Where did I find the courage to rebel, change my life, live alone?

I don’t want to over-estimate all this, but damn it, I love that nine-year-old, whoever in hell he was. Without him, I could not have survived to introduce these essays.

Part of the answer, of course, is in the fact that I was so madly in love with Buck Rogers, I could not see my love, my hero, my life, destroyed. It is almost that simple. It was like having your best all-around greatest-loving-buddy, pal, center-of-life drown or get shot-gun killed. Friends, so killed, cannot be saved from funerals. Buck Rogers, I realized, might know a second life, if I gave it to him. So I breathed in his mouth and, lo!, he sat up and talked and said, what?

Yell. Jump. Play. Out-run those sons-of-bitches. They’ll never live the way you live. Go do it.

Except I never used the S.O.B words. They were not allowed. Heck! was about the size and strength of my outcry. Stay alive!


So I collected comics, fell in love with carnivals and World’s Fairs and began to write. And what, you ask, does writing teach us?

First and foremost, it reminds us that we are alive and that it is a gift and a privilege, not a right. We must earn life once it has been awarded us. Life asks for rewards back because it has favored us with animation.

So while our art cannot, as we wish it could, save us from wars, privation, envy, greed, old age, or death, it can revitalize us amidst it all.

Secondly, writing is survival. Any art, any good work, of course, is that.

Not to write, for many of us, is to die.

We must take arms each and every day, perhaps knowing that the battle cannot be entirely won, but fight we must, if only a gentle bout. The smallest effort to win means, at the end of each day, a sort of victory. Remember that pianist who said that if he did not practice every day he would know, if he did not practice for two days, the critics would know, after three days, his audiences would know.

A variation of this is true for writers. Not that your style, whatever that is, would melt out of shape in those few days.

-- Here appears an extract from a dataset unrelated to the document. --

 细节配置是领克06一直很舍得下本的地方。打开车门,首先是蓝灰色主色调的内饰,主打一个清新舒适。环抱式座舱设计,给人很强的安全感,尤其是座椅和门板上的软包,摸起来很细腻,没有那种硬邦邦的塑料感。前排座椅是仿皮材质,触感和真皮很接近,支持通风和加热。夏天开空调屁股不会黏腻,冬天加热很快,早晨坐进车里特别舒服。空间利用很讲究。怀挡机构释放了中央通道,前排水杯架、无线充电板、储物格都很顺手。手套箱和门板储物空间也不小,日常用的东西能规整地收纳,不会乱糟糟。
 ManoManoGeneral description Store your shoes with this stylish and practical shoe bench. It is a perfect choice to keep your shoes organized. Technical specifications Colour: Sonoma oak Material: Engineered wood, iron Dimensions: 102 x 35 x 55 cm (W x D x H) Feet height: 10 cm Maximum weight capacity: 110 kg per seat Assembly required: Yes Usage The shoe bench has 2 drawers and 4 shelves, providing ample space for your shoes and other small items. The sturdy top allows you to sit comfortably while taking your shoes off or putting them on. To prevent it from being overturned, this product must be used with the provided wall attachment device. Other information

But what would happen is that the world would catch up with and try to sicken you. If you did not write every day, the poisons would accumulate and you would begin to die, or act crazy, or both.

You must stay drunk on writing so reality cannot destroy you. For writing allows just the proper recipes of truth, life, reality as you are able to eat, drink, and digest without hyperventilating and flopping like a dead fish in your bed.

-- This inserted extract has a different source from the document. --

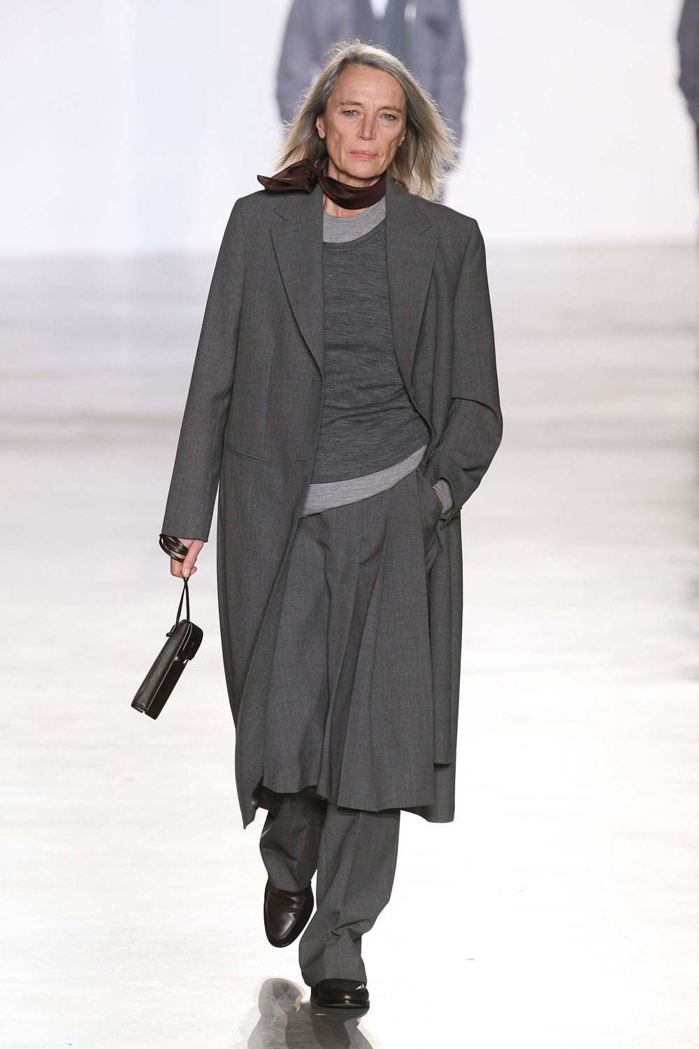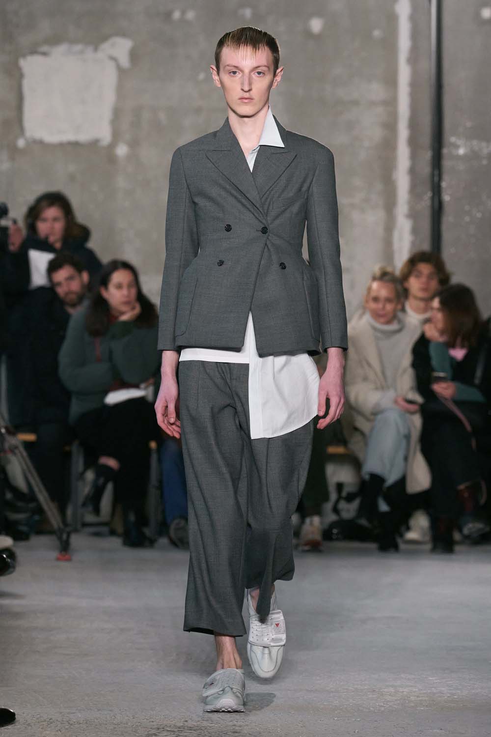 A model walks in layered greys for Officine Generale. Hair and beauty looks were paired back.

I have learned, on my journeys, that if I let a day go by without writing, I grow uneasy. Two days I am in tremor. Three and I suspect lunacy. Four and I might as well be a hog, suffering the flux in a wallow. An hour’s writing is tonic. I’m on my feet, running in circles, and yelling for a clean pair of spats.

So that, in one way or another, is what this book is all about.


-excerpt from the Preface of Zen In the Art of Writing, Essays on Creativity by Ray Bradbury, How To Climb the Tree of Life, Throw Rocks at Yourself, and Get Down Again Without Breaking Your Bones or Your Spirit, A Preface With a Title Not Much Longer Than the Book, Capra Press, 1990

Makes you want to read the book doesn’t it? Just think, this is only part of the first few pages. I was reminded by The Other Ivy’s post to check my shelves. 

There is was, Zen In the Art of Writing. I picked up the book and started reading it again.